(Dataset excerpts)
▶
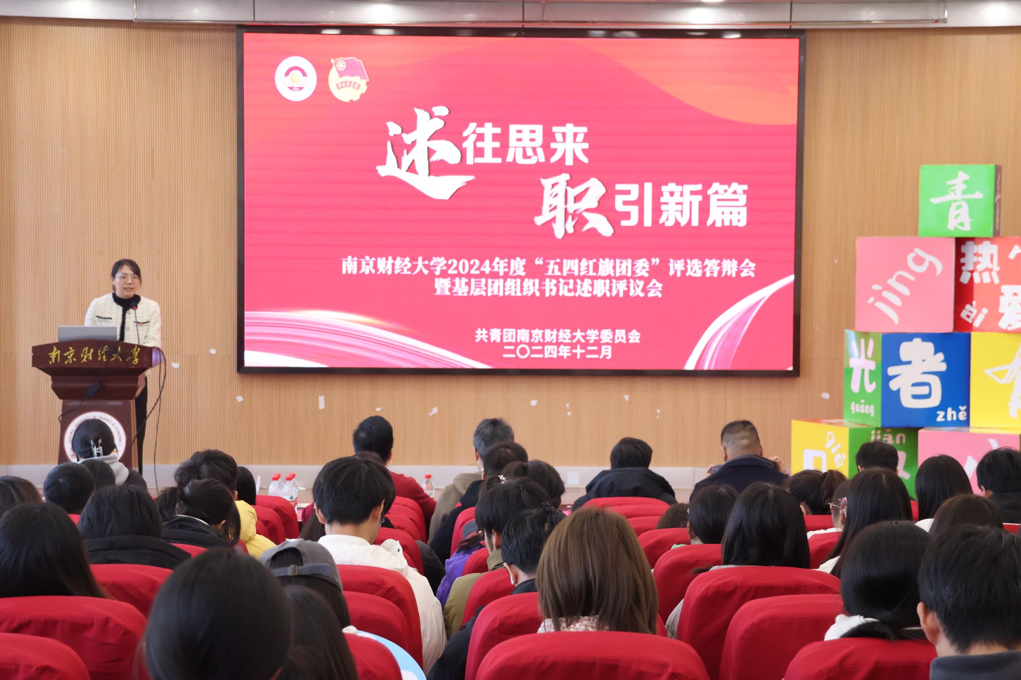 12月27日下午,2024年度“五四红旗团委”答辩暨基层团组织书记述职评议会在仙林校区大学生活动中心三楼报告厅举行。团省委委员、南京工业大学团委书记王郁超,南京邮电大学团委书记秦昌建,南京师范大学团委副书记徐逸霏,beat365团委副书记胡新蕲、陈涛担任评委。各学院团委书记、学生副书记,校五星级团支部书记、五四红旗团支部书记代表到场观摩。会议由校团委组织与社团管理科科长乔俊鸽主持。
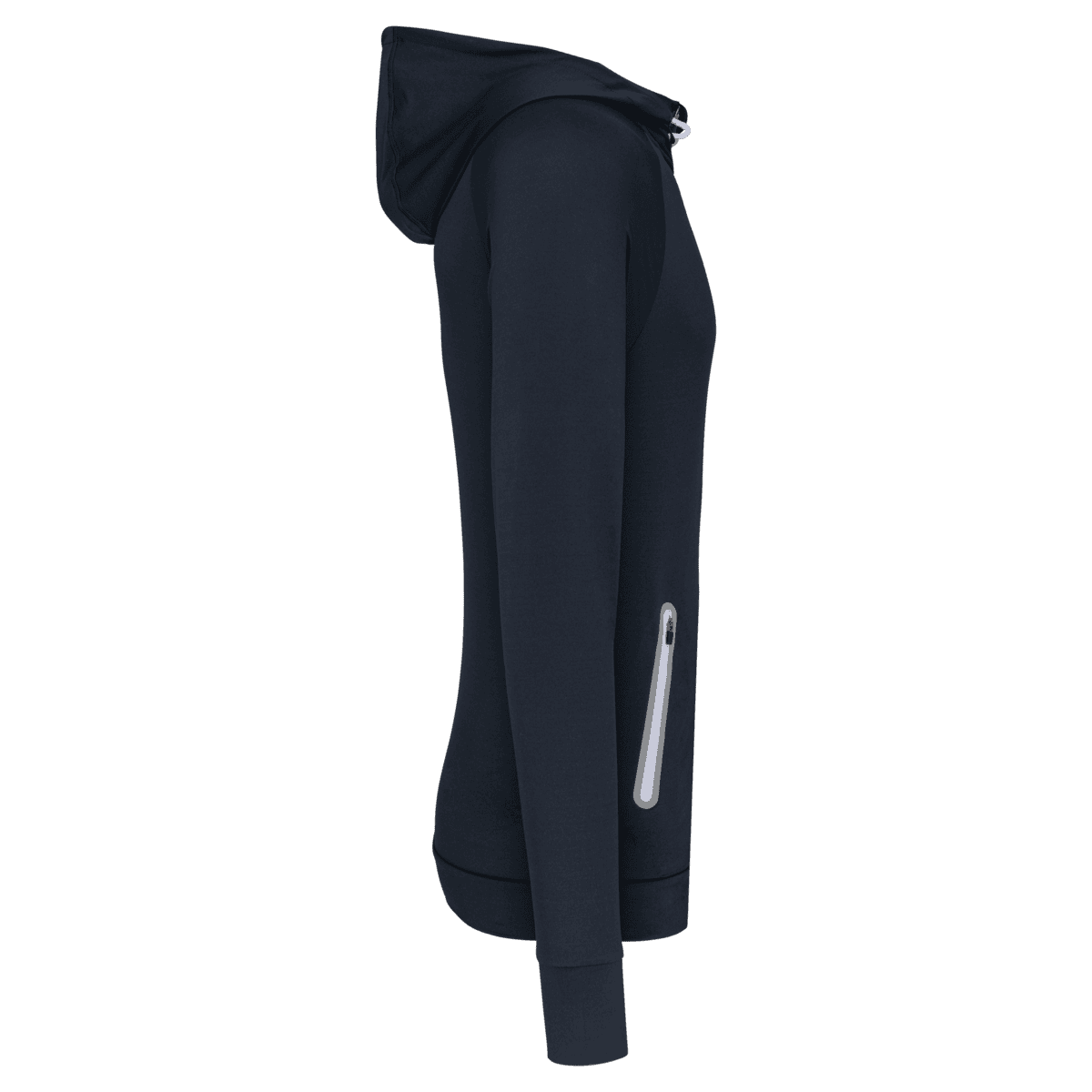 90% polyester / 10% elasthan. Ultrazacht geborsteld jersey. Raglanmouwen. 2 reflecterende ritszakken. Ritsen en koorden : White voor de kleur Navy, Black voor de kleur Red en Sport Grey Melange en Lime voor de kleur Dark Grey.
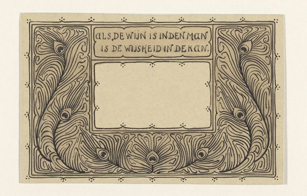 Editor: This graphic art piece, "Decoratief kader met de spreuk 'bitter in den mond maakt het hart gezond,'" or "Decorative frame with the saying 'bitter in the mouth makes the heart healthy'," created by Reinier Willem Petrus de Vries sometime between 1884 and 1952, is really striking in its simplicity. The color palette is muted, and there's something almost architectural about the layout. What do you see in it? Curator: Well, immediately, I see a rather clever visual representation of a proverb. That grid structure, to me, evokes both precision and constraint – a structured approach to something that feels inherently paradoxical. It's also undeniably Art Nouveau, don't you think? Editor: Yes, the geometric design definitely suggests Art Nouveau influences, although maybe a more restrained version. Is the 'bitterness' then related to such restraint? Curator: Possibly, but let’s probe deeper. The choice of typography feels so deliberate. Look at the firm lettering! Consider also, "bitter in the mouth makes the heart healthy"—it's a rather didactic little proverb. Now, consider, does art itself sometimes present us with uncomfortable truths? Editor: So, maybe the 'bitterness' is not restraint, but perhaps… unpleasant truth. The frame then reminds the viewer that they may need such truths? Curator: Exactly! It suggests that a healthy, full life needs some 'bitterness' to contrast with sweetness. Reinier seems to use design here as a philosophical reminder – food for thought, cleverly packaged. So, did it give you a slightly different impression, now? Editor: Absolutely, I now see it as a reminder of some kind. It’s clever how a decorative piece can carry such a thought. Thank you! Curator: My pleasure. Remember to keep tasting both bitter and sweet in the vast menu of art, for a healthy aesthetic heart.
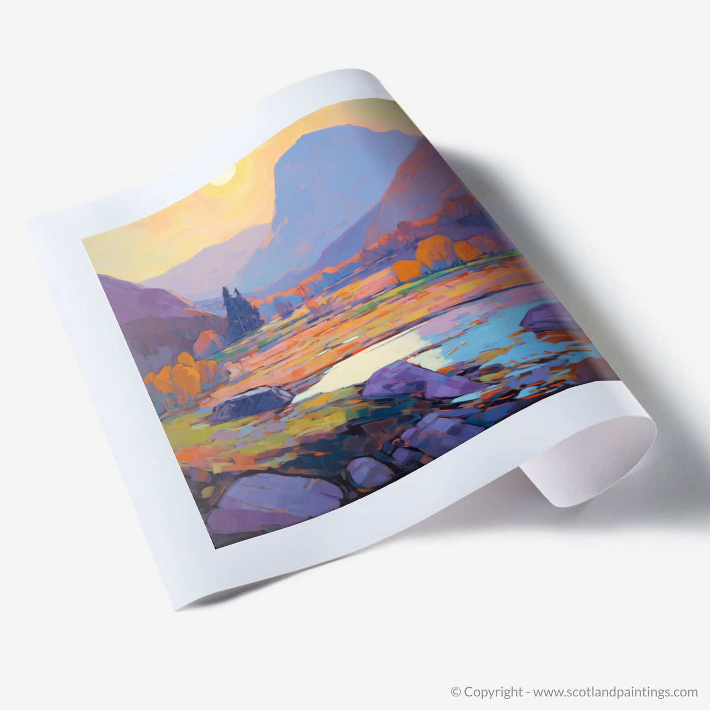 Immerse yourself in the ethereal beauty of Scotland's rugged terrain with this evocative print, inspired by the majestic glens of Glencoe. Captured in a style reminiscent of the Impressionist masters, this piece embodies the essence of nature's transient moments as the warm embrace of the sunset kisses craggy rocks and delicate heath.
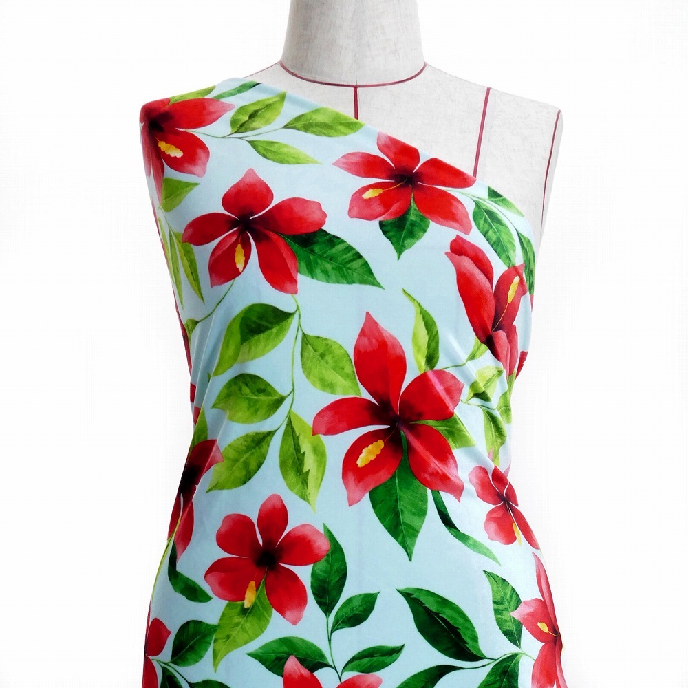 ハワイアン生地 ハイビスカス柄 コシボ・シャンタン・ストレッチベロア選べる生地 ライトブルー KH-586-LBL 3-5営業日後発送
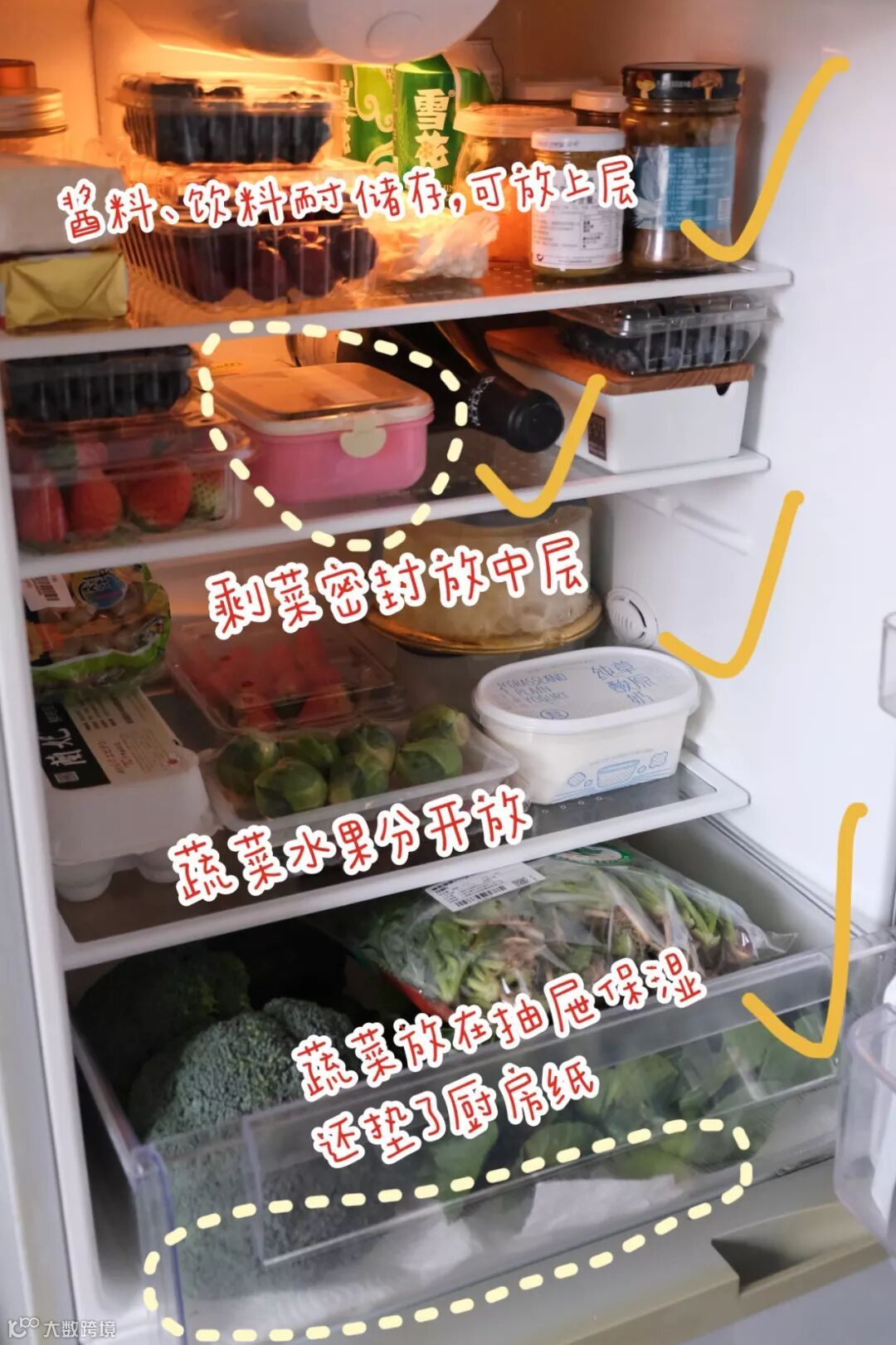 分区存放,不仅仅是为了更好地利用冰箱资源,还能避免交叉感染。下面是一位优秀模范生的作业,真是无比舒适:
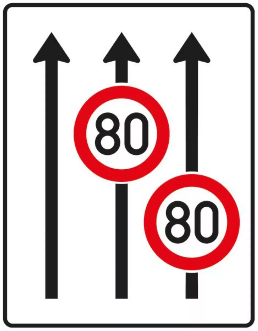 Verkehrszeichen 523-31 Fahrstreifentafel – ohne Gegenverkehr mit integriertem Zeichen 274 – dreistreifig in Fahrtrichtung; neues Zeichen – 1600×1250 3 mm RA1
◀
- [Task]
Set down the records again verbatim, with no pictures.

- [Problem solution]
 12月27日下午,2024年度“五四红旗团委”答辩暨基层团组织书记述职评议会在仙林校区大学生活动中心三楼报告厅举行。团省委委员、南京工业大学团委书记王郁超,南京邮电大学团委书记秦昌建,南京师范大学团委副书记徐逸霏,beat365团委副书记胡新蕲、陈涛担任评委。各学院团委书记、学生副书记,校五星级团支部书记、五四红旗团支部书记代表到场观摩。会议由校团委组织与社团管理科科长乔俊鸽主持。
 90% polyester / 10% elasthan. Ultrazacht geborsteld jersey. Raglanmouwen. 2 reflecterende ritszakken. Ritsen en koorden : White voor de kleur Navy, Black voor de kleur Red en Sport Grey Melange en Lime voor de kleur Dark Grey.
 Editor: This graphic art piece, "Decoratief kader met de spreuk 'bitter in den mond maakt het hart gezond,'" or "Decorative frame with the saying 'bitter in the mouth makes the heart healthy'," created by Reinier Willem Petrus de Vries sometime between 1884 and 1952, is really striking in its simplicity. The color palette is muted, and there's something almost architectural about the layout. What do you see in it? Curator: Well, immediately, I see a rather clever visual representation of a proverb. That grid structure, to me, evokes both precision and constraint – a structured approach to something that feels inherently paradoxical. It's also undeniably Art Nouveau, don't you think? Editor: Yes, the geometric design definitely suggests Art Nouveau influences, although maybe a more restrained version. Is the 'bitterness' then related to such restraint? Curator: Possibly, but let’s probe deeper. The choice of typography feels so deliberate. Look at the firm lettering! Consider also, "bitter in the mouth makes the heart healthy"—it's a rather didactic little proverb. Now, consider, does art itself sometimes present us with uncomfortable truths? Editor: So, maybe the 'bitterness' is not restraint, but perhaps… unpleasant truth. The frame then reminds the viewer that they may need such truths? Curator: Exactly! It suggests that a healthy, full life needs some 'bitterness' to contrast with sweetness. Reinier seems to use design here as a philosophical reminder – food for thought, cleverly packaged. So, did it give you a slightly different impression, now? Editor: Absolutely, I now see it as a reminder of some kind. It’s clever how a decorative piece can carry such a thought. Thank you! Curator: My pleasure. Remember to keep tasting both bitter and sweet in the vast menu of art, for a healthy aesthetic heart.
 Immerse yourself in the ethereal beauty of Scotland's rugged terrain with this evocative print, inspired by the majestic glens of Glencoe. Captured in a style reminiscent of the Impressionist masters, this piece embodies the essence of nature's transient moments as the warm embrace of the sunset kisses craggy rocks and delicate heath.
 ハワイアン生地 ハイビスカス柄 コシボ・シャンタン・ストレッチベロア選べる生地 ライトブルー KH-586-LBL 3-5営業日後発送
 分区存放,不仅仅是为了更好地利用冰箱资源,还能避免交叉感染。下面是一位优秀模范生的作业,真是无比舒适:
 Verkehrszeichen 523-31 Fahrstreifentafel – ohne Gegenverkehr mit integriertem Zeichen 274 – dreistreifig in Fahrtrichtung; neues Zeichen – 1600×1250 3 mm RA1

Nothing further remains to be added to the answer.